■ Prompt ■
The output consists only of the lines from the one with "在数字孪生智慧工地平台的支撑" through the end of the records, each printed exactly, and contains no pictures.

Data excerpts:
##############################

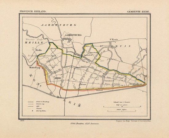 Historische kaart, plattegrond van gemeente Eede in Zeeland uit 1867 ...
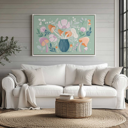 Whimsical Bouquet with Fungi and Blooms Canvas Print
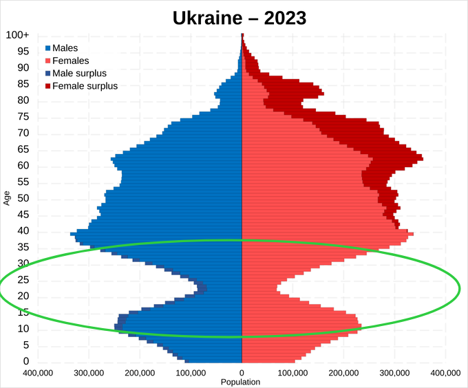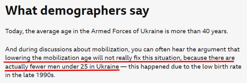 The problem is, a new BBC piece laid out a devastating data point: that Ukraine actually has very few under-25s due to the fact that the 90s saw a sharp decrease in birthrates. We’ve covered this before here, but essentially it means the cohort of males born from the mid to late 90s onward is very small compared to the older groups.
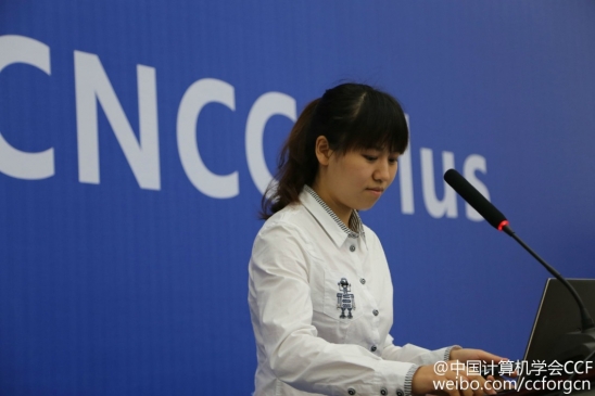 作为最年轻的讲者,博士生华雯被特别论坛CNCC Plus遴选为报告人,介绍她发表在数据库领域国际顶级会议的ICDE 2015(中国计算机学会A类期刊会议)最佳论文。在报告中,华雯介绍了计算机如何准确且快速地理解互联网时代的“快餐式”语言,以及这一项技术在语义检索、查询推荐、实体浏览等场景的应用。
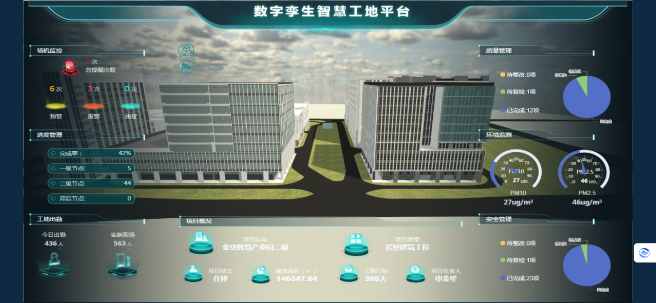 在数字孪生智慧工地平台的支撑下,项目构建了一体化管控体系,集成安全、进度、质量、成本、设备监测等关键管理模块,实现工程建设全过程的全方位、可视化、精细化管控。通过该平台,项目实时捕捉施工动态数据,精准识别并预警安全风险,高效把控工期节点,同时优化资源配置与成本核算,真正实现降本增效与品质提升的双重目标,为同类小微企业园区建设提供了可复制、可推广的数字化建造方案。
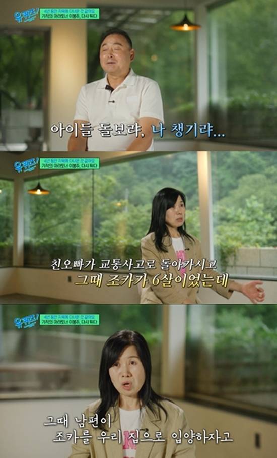 그의 아내는 "오빠가 교통사고로 돌아가시고, 그 아이가 그때 6살이었는데 남편이 아이를 우리 집에서 데리고 키우자고 하더라. 그게 사실 쉬운 게 아니다. 그 제안을 남편이 했고, 자기 조카한테 너무너무 잘해줬다. 아들이었다"고 입양하게 된 배경을 밝혔다.
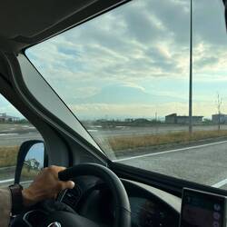 Dann wieder zum Auto,und ich fahre Kohbi ein Stück weiter unter ein großes Flugdach. Ich bleibe im Auto, während für Alex ein Canossagang beginnt:
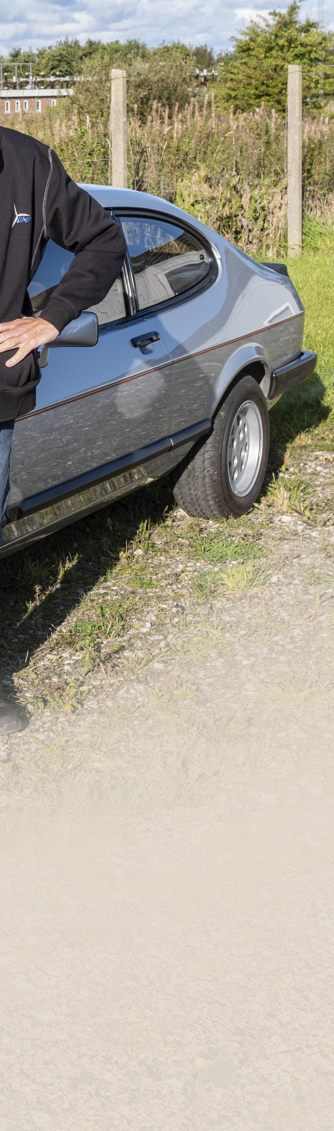 Blandt flere flotte køretøjer – hvoraf langt de fleste bærer familienavnet Ford –brænder den sjældne Capri fra 1982 igennem.
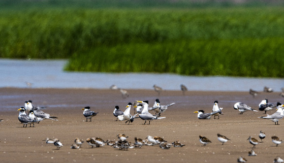 閩江河口濕地管委會提供的最新數(shù)據顯示,濕地野生動植物現(xiàn)已恢復至1089種,其中水鳥有152種,占福建水鳥種群規(guī)模80.4%,棲息濕地的水鳥年均超5萬只,中華鳳頭燕鷗、勺嘴鷸、黑臉琵鷺等多種珍稀水鳥個體數(shù)量超過種群1%,達到國際重要濕地標準,還有黑嘴端鳳頭燕鷗、卷羽鵜鶘、遺鷗等全球極危和瀕危鳥類成為濕地“常客”。

##############################

■ Output below ■
 在数字孪生智慧工地平台的支撑下,项目构建了一体化管控体系,集成安全、进度、质量、成本、设备监测等关键管理模块,实现工程建设全过程的全方位、可视化、精细化管控。通过该平台,项目实时捕捉施工动态数据,精准识别并预警安全风险,高效把控工期节点,同时优化资源配置与成本核算,真正实现降本增效与品质提升的双重目标,为同类小微企业园区建设提供了可复制、可推广的数字化建造方案。
 그의 아내는 "오빠가 교통사고로 돌아가시고, 그 아이가 그때 6살이었는데 남편이 아이를 우리 집에서 데리고 키우자고 하더라. 그게 사실 쉬운 게 아니다. 그 제안을 남편이 했고, 자기 조카한테 너무너무 잘해줬다. 아들이었다"고 입양하게 된 배경을 밝혔다.
 Dann wieder zum Auto,und ich fahre Kohbi ein Stück weiter unter ein großes Flugdach. Ich bleibe im Auto, während für Alex ein Canossagang beginnt:
 Blandt flere flotte køretøjer – hvoraf langt de fleste bærer familienavnet Ford –brænder den sjældne Capri fra 1982 igennem.
 閩江河口濕地管委會提供的最新數(shù)據顯示,濕地野生動植物現(xiàn)已恢復至1089種,其中水鳥有152種,占福建水鳥種群規(guī)模80.4%,棲息濕地的水鳥年均超5萬只,中華鳳頭燕鷗、勺嘴鷸、黑臉琵鷺等多種珍稀水鳥個體數(shù)量超過種群1%,達到國際重要濕地標準,還有黑嘴端鳳頭燕鷗、卷羽鵜鶘、遺鷗等全球極危和瀕危鳥類成為濕地“常客”。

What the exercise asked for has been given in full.